Воздух стал густым и тяжёлым, им было трудно дышать, словно легкие наполнялись не кислородом, чем-то влажным и спертым. Запах влажной гнили и прелых листьев смешался с чем-то ещё – сладковатым, приторным и оттого неприятным. Анна не могла его опознать. Он напоминал одновременно запах увядших цветов и лёгкий, едва уловимый шлейф разложения. Он въедался в одежду, в волосы, в лёгкие, становился частью её самой.
И тишина. Не мирная, умиротворенная тишина леса, а гнетущая, давящая, словно огромная, невидимая подушка, прижимающаяся к ушам. Птиц почти не было слышно. Лишь изредка раздавался резкий, одинокий крик, от которого по коже бежали мурашки. Кричало что-то одно и то же, и эхо подхватывало этот звук, разносило его по лесу, пока он не терялся вдали, оставляя после себя ещё более звенящую пустоту.
– Степан, – набралась она смелости снова, голос её звучал хрипло и сдавленно, – а что это за запах? Сладкий такой.
Ямщик обернулся, и его обветренное лицо исказила гримаса, в которой смешались брезгливость и нечто, похожее на страх.
– Болота, – буркнул он. – Тут их много. Топкие. С запахом. Лучше тебе, барышня, к ним не соваться. И в лес тоже.
– Почему? – не унималась она, чувствуя, как ледяная тяжесть нарастает под ложечкой.
– Потому что, – он резко дёрнул вожжами, объезжая огромную, казалось, бездонную лужу, – здесь свои порядки. Не столичные. Кто свои – те выживают. Кто чужие – те… – он не договорил, многозначительно хмыкнув. Этого хмыканья было достаточно, чтобы додумать остальное.
Они проезжали мимо очередной деревни. Вернее, того, что от неё осталось. Полтора десятка изб с заколоченными окнами, покосившимися крышами, пустыми глазницами дверей. Сквозь проломы в стенах виднелась мрачная чернота. На заросшем бурьяном околице стоял почерневший сруб колодца с оборванным ведром. Место было мертво. Абсолютно. Даже насекомые, казалось, облетали его стороной.
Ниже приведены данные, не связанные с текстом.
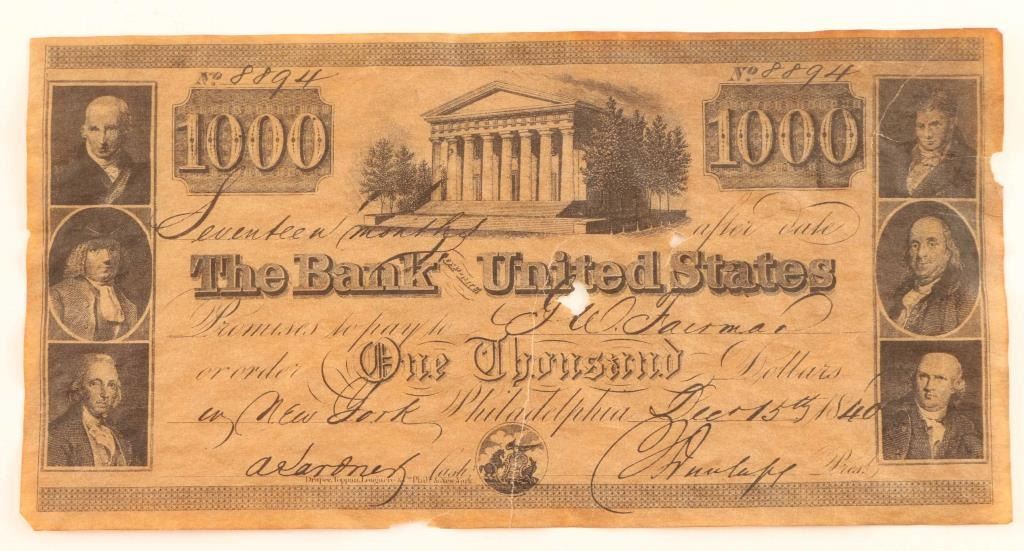 U.S. Bank note #8894. The Bank of the United States issued Dec 15, 1840. Dually signed by clerk and president of the bank. Issued to J.W. Faumar. Printed 1 side only with Ben Franklin and other early American portraits (6 total). Not professionally graded. Shows tatters, small holes and edge losses. Between the Alamo and Mexican War at the time of the western expansion. Why not keep paper money? A $1000 in 1840 at 3% equals approximately $500,000 in 2020.

– А это что? – тихо спросила Анна, уже почти зная ответ.
– Дерёвня Быково, – безразлично отозвался Степан. – После Прошлой Зимы разбежались.
– Что за Прошлая Зима? Что случилось?
Ямщик резко обернулся, и в его глазах впервые мелькнуло что-то, кроме апатии – вспышка настоящего, животного страха. Его пальцы, сжимавшие вожжи, побелели.
– Не твоё дело! Не копай, слышишь? Не копай! – он почти крикнул эти слова, слюна брызнула из-за его желтых зубов, а потом он снова уставился на дорогу, замкнувшись в себе окончательно. Его спина стала похожа на каменную глыбу.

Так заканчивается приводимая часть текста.